Repeat the listing exactly. Any picture in it should be left out of the copy.

------ Given material ------

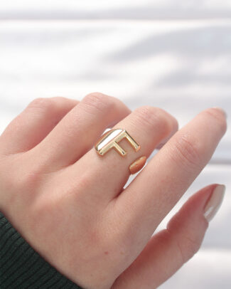 F Harfli Altın Renk Ayarlanabilir Yüzük
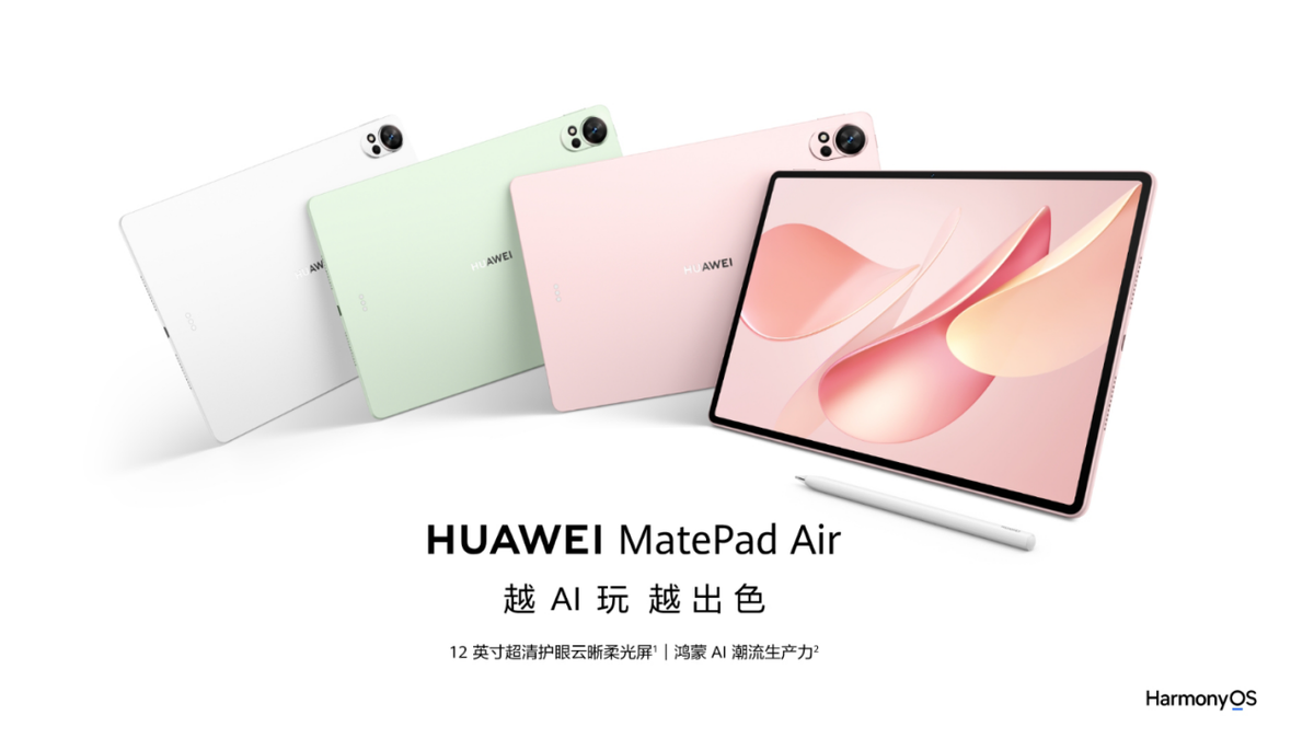 聚焦于学研人群和职场新锐,华为MatePad Air 2025款在轻薄设计、潮流美学与AI智慧体验之间取得了完美平衡。它同样配备了超清护眼云晰柔光屏,确保了出色的视觉体验。机身轻至555克,薄至5.9毫米,配合草木绿、樱语粉等多彩外观,尽显年轻活力。
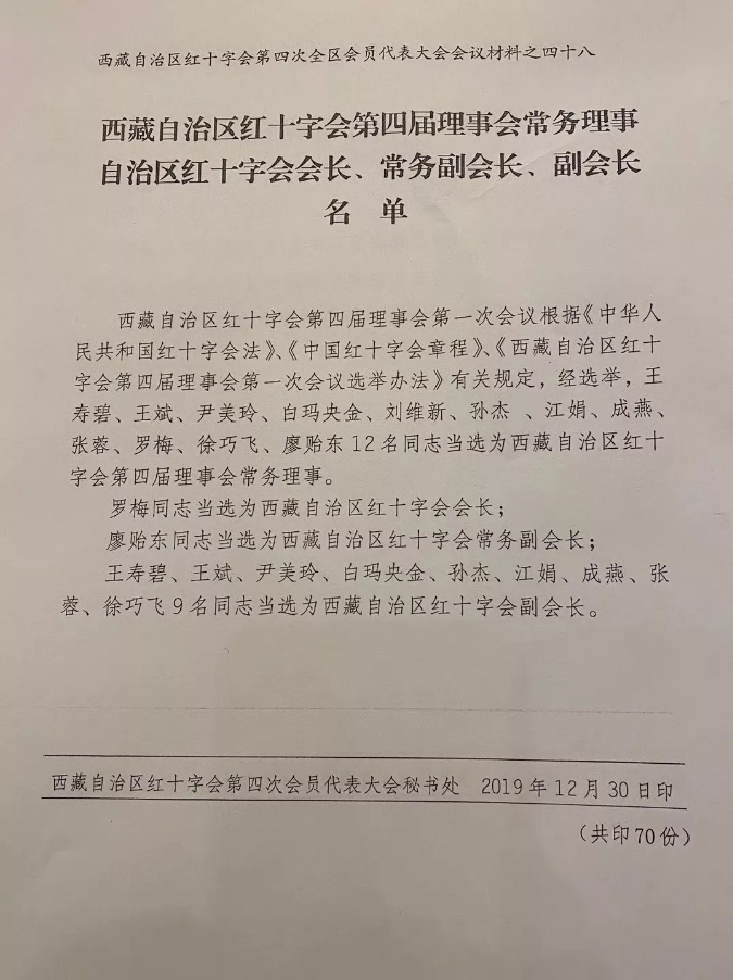 2019年12月(yue)30日上午10:30,西(xi)藏自(zi)治區紅十字會(hui)第四次(ci)全區全員代表(biao)大會(hui)在拉薩(sa)飯店舉行。
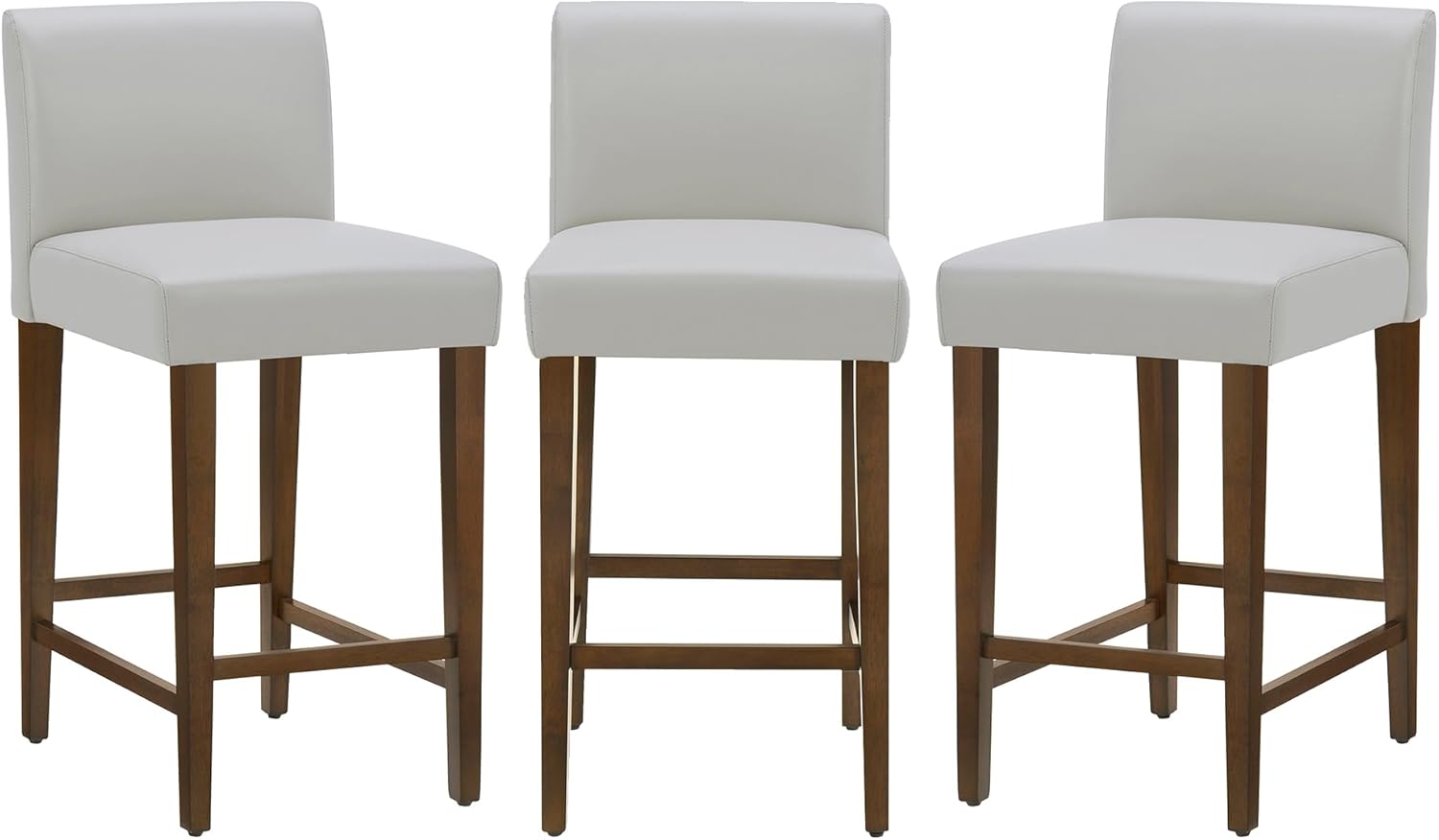 CHITA Counter Height Bar Stools Set of 3, 27" H Seat Height Upholstered Barstools, PU Leather in Creamy Grey

------

Solution to this exercise |
 F Harfli Altın Renk Ayarlanabilir Yüzük
 聚焦于学研人群和职场新锐,华为MatePad Air 2025款在轻薄设计、潮流美学与AI智慧体验之间取得了完美平衡。它同样配备了超清护眼云晰柔光屏,确保了出色的视觉体验。机身轻至555克,薄至5.9毫米,配合草木绿、樱语粉等多彩外观,尽显年轻活力。
 2019年12月(yue)30日上午10:30,西(xi)藏自(zi)治區紅十字會(hui)第四次(ci)全區全員代表(biao)大會(hui)在拉薩(sa)飯店舉行。
 CHITA Counter Height Bar Stools Set of 3, 27" H Seat Height Upholstered Barstools, PU Leather in Creamy Grey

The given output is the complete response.